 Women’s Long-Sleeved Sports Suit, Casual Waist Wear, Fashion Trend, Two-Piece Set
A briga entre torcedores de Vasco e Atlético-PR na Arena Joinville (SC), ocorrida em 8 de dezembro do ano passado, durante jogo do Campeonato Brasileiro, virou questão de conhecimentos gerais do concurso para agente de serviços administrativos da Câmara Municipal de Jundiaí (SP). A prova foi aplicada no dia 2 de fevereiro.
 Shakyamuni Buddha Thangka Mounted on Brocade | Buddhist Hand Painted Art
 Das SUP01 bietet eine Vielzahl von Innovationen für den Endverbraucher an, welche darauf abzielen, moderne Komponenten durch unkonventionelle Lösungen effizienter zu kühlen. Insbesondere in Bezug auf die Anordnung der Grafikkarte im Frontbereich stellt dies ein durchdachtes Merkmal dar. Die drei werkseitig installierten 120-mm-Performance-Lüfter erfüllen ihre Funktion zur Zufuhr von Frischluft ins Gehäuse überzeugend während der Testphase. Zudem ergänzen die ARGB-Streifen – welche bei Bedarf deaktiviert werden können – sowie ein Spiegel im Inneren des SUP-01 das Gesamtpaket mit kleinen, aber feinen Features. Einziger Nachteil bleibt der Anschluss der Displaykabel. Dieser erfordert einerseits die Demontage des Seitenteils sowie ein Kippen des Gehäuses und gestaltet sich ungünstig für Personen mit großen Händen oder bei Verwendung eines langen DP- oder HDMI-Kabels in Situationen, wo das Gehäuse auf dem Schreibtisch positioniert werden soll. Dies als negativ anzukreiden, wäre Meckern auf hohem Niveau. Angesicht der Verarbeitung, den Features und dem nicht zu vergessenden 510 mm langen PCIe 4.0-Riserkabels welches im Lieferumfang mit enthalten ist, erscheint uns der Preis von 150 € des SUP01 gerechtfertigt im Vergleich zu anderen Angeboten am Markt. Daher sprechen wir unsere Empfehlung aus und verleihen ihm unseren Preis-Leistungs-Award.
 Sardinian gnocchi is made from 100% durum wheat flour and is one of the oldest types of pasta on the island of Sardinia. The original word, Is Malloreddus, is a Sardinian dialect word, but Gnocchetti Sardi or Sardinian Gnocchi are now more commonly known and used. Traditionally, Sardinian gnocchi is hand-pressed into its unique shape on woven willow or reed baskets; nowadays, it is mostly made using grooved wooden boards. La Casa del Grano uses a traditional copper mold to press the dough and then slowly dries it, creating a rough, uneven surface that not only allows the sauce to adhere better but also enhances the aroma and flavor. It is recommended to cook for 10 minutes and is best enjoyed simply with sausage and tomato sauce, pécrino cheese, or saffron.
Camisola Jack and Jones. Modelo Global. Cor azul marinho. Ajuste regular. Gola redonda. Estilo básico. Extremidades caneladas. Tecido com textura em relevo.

§ §

_Instructions for the task_: Your reply should hold all the entries, each repeated without a single change.

_Task answer_:
 Women’s Long-Sleeved Sports Suit, Casual Waist Wear, Fashion Trend, Two-Piece Set
A briga entre torcedores de Vasco e Atlético-PR na Arena Joinville (SC), ocorrida em 8 de dezembro do ano passado, durante jogo do Campeonato Brasileiro, virou questão de conhecimentos gerais do concurso para agente de serviços administrativos da Câmara Municipal de Jundiaí (SP). A prova foi aplicada no dia 2 de fevereiro.
 Shakyamuni Buddha Thangka Mounted on Brocade | Buddhist Hand Painted Art
 Das SUP01 bietet eine Vielzahl von Innovationen für den Endverbraucher an, welche darauf abzielen, moderne Komponenten durch unkonventionelle Lösungen effizienter zu kühlen. Insbesondere in Bezug auf die Anordnung der Grafikkarte im Frontbereich stellt dies ein durchdachtes Merkmal dar. Die drei werkseitig installierten 120-mm-Performance-Lüfter erfüllen ihre Funktion zur Zufuhr von Frischluft ins Gehäuse überzeugend während der Testphase. Zudem ergänzen die ARGB-Streifen – welche bei Bedarf deaktiviert werden können – sowie ein Spiegel im Inneren des SUP-01 das Gesamtpaket mit kleinen, aber feinen Features. Einziger Nachteil bleibt der Anschluss der Displaykabel. Dieser erfordert einerseits die Demontage des Seitenteils sowie ein Kippen des Gehäuses und gestaltet sich ungünstig für Personen mit großen Händen oder bei Verwendung eines langen DP- oder HDMI-Kabels in Situationen, wo das Gehäuse auf dem Schreibtisch positioniert werden soll. Dies als negativ anzukreiden, wäre Meckern auf hohem Niveau. Angesicht der Verarbeitung, den Features und dem nicht zu vergessenden 510 mm langen PCIe 4.0-Riserkabels welches im Lieferumfang mit enthalten ist, erscheint uns der Preis von 150 € des SUP01 gerechtfertigt im Vergleich zu anderen Angeboten am Markt. Daher sprechen wir unsere Empfehlung aus und verleihen ihm unseren Preis-Leistungs-Award.
 Sardinian gnocchi is made from 100% durum wheat flour and is one of the oldest types of pasta on the island of Sardinia. The original word, Is Malloreddus, is a Sardinian dialect word, but Gnocchetti Sardi or Sardinian Gnocchi are now more commonly known and used. Traditionally, Sardinian gnocchi is hand-pressed into its unique shape on woven willow or reed baskets; nowadays, it is mostly made using grooved wooden boards. La Casa del Grano uses a traditional copper mold to press the dough and then slowly dries it, creating a rough, uneven surface that not only allows the sauce to adhere better but also enhances the aroma and flavor. It is recommended to cook for 10 minutes and is best enjoyed simply with sausage and tomato sauce, pécrino cheese, or saffron.
Camisola Jack and Jones. Modelo Global. Cor azul marinho. Ajuste regular. Gola redonda. Estilo básico. Extremidades caneladas. Tecido com textura em relevo.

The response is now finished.